Look at the resilience of black people. In athletics you will find the likes of Usain Bolt, David Rudisha, Florence Griffith-Joyner, Tegla Loroupe, Henry Rono, Meseret defar. Examples in tennis and golf are Serena Williams and Tiger Woods, respectively. In professional football you will find the likes of Victor Wanyama, Emmanuel Adebayor, Kolo Touré, Pele, Didier Drogba, Yaya Touré, Samuel Eto’o and George Weah. Famous basketball players include Michael Jordan, Kobe Bryant, Lebron James, Shaquille O’Neal, Scottie Pippen, Oscar Robertson, Charles Barkey, Earvin “Magic” Johnson and Karl Malone. Great black leaders include Barack Obama, Nelson Mandela, Martin Luther King and Julius Nyerere. Do not forget the boxing legends of all time like Muhammad Ali, Joe Frazier, Lennox Lewis and Mike Tyson.

And yet, even with all this abundance of role models, we continue to bleach and wear fake hair. We continue thinking and behaving as if God made a mistake when He created us. We continue having low self esteem. We continue desiring to have a lighter skin and long, straight hair, blonde hair which can be blown in the wind, not our natural short hair that shrinks in the heat.

As for me, I will remain comfortable in my own skin, even when the black is so loud and it screams back.

I will continue loving my hair which defies the force of gravity and grows straight up. I will continue to love myself just the way I am, never comparing myself to others. I will continue knowing that the only competitor in my life is me, and strive to become the best version of myself. I will continue being proud of my heritage and my melanin.

I invite you to join me in this journey of self-love, a journey of love for our skin that “has been kissed by the sun”, like India.Arie says in Brown Skin

“I am not my hair. I am not this skin. I am the soul that lives within”, says India. Arie

I am an epic introvert, who quickly becomes an open book when I pen what’s in my significantly fertile mind; fertile as a result of bombardment by realities that are continuously captured by my inquisitive eyes, ears which are constantly rubbing the ground, through constant reading, and through dreaming too.

Writing provides an opportunity to ‘say’ what my unapologetic quiet mouth will not say; which not only soothes me, but also bequeaths to me a relief, a release, and a hope that the written words will change the world, even if only one person at a time.

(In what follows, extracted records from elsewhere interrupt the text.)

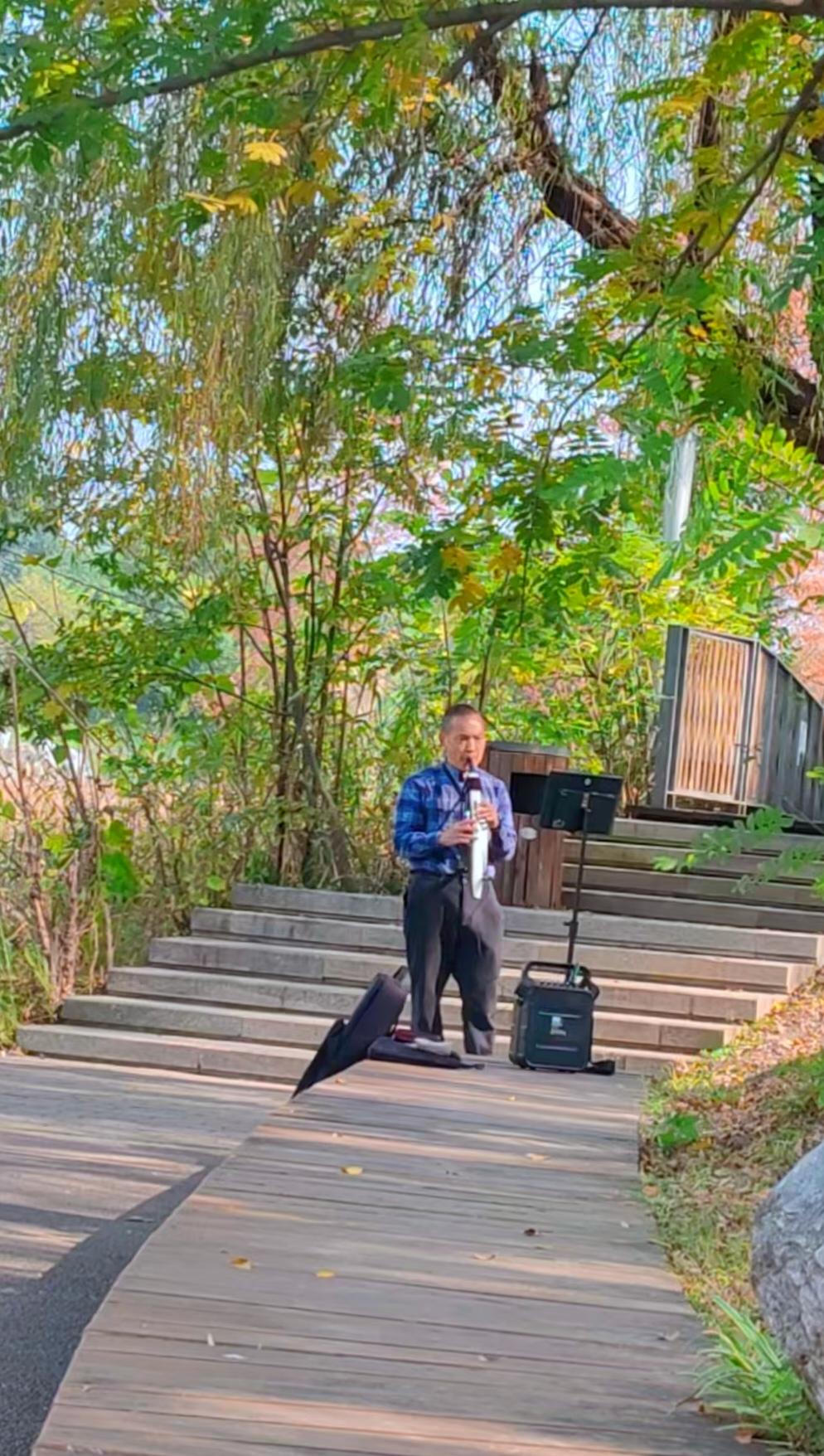 电吹管即兴一曲。清风拂面,绿意环绕,悠扬旋律随风飘荡。此刻身心沉醉,自得其乐,恰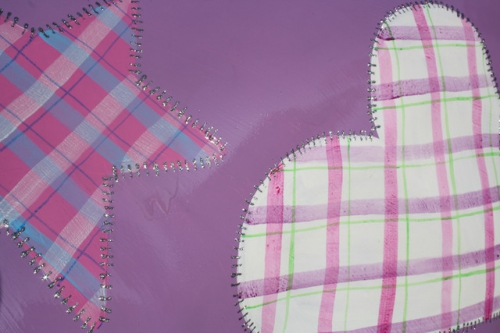 Lila lebensgroße Kuh mit Sternen und Herzen. Die Herzen und Sterne sehen schon fast wie Patchwork-Arbeiten aus; umrändert sind die karierten Muster mit einer silber Glitterkontur, die hervorragend im Sonennlicht funkelt. Zwischen den Mustern blitzen viele Strass-Steine auf. Die Schnauze, Hufe, Hörner und Schwanz sind mit dezentem pinkfarbenem Glitter akzentuiert.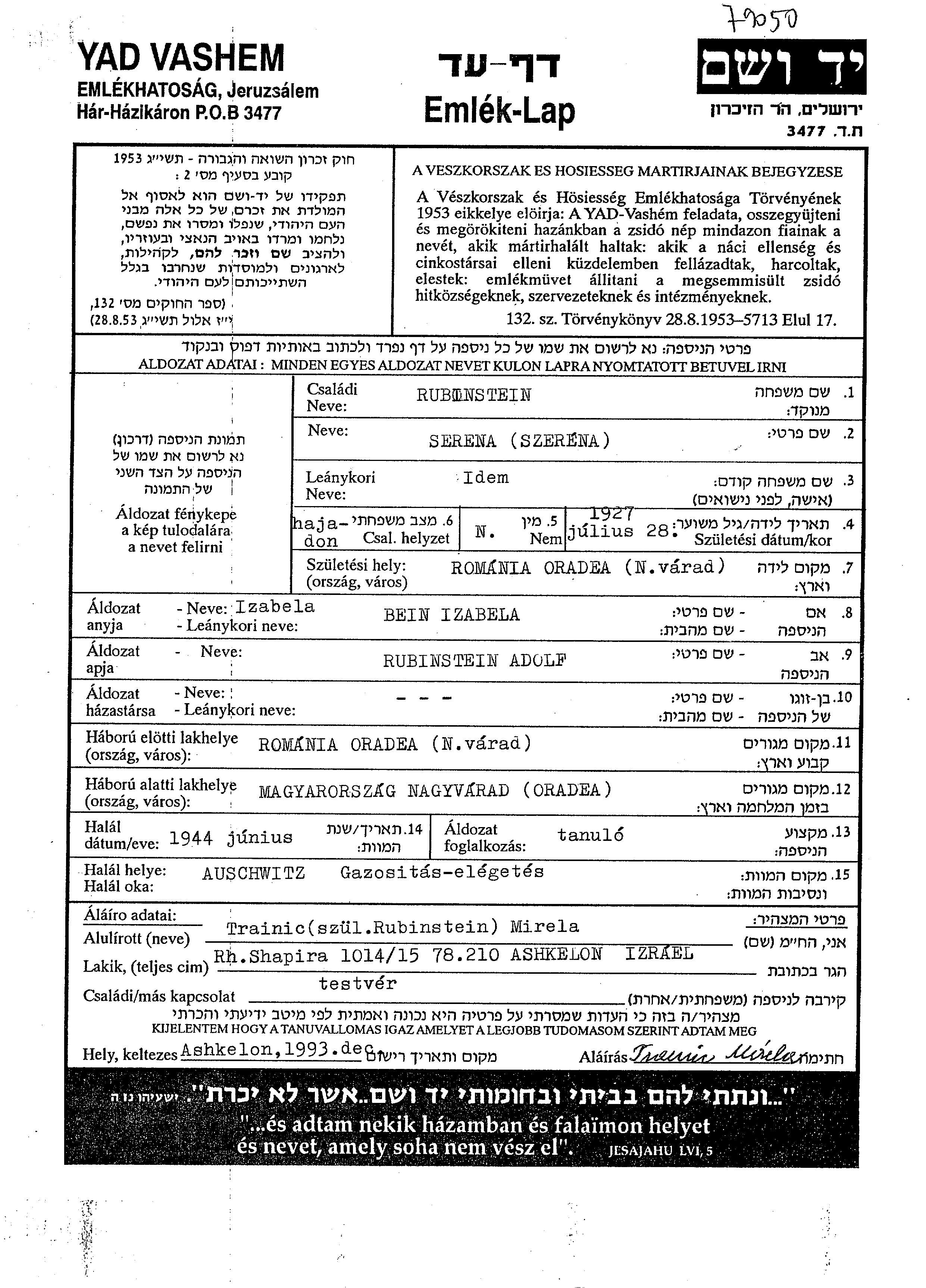 Серена Рубинштайн, место рождения: Надьварад, Румыния. Ученик / ученица. Место жительства до войны: Надьварад, Румыния.

And so should you seek, that’s where to find me; deeply tucked inside the blankets of reading, seeing, listening, dreaming, and then writing.

6 thoughts on “Let Us Learn To Love Our Black, Our Melanin

  1. This is a message that we blacks should continuously hammer to ourselves, that we sre God’s best.

  2. Black has been my responsorial psalm
    Dad(Rip): Emmah
    Me: Uyu Muiru ta nyina
    Proudly black to an extent when acne strick, the first question is: Does it breach?

    1. It’s great when we love ourselves; exactly the way God created us Emmah. I love my melanin.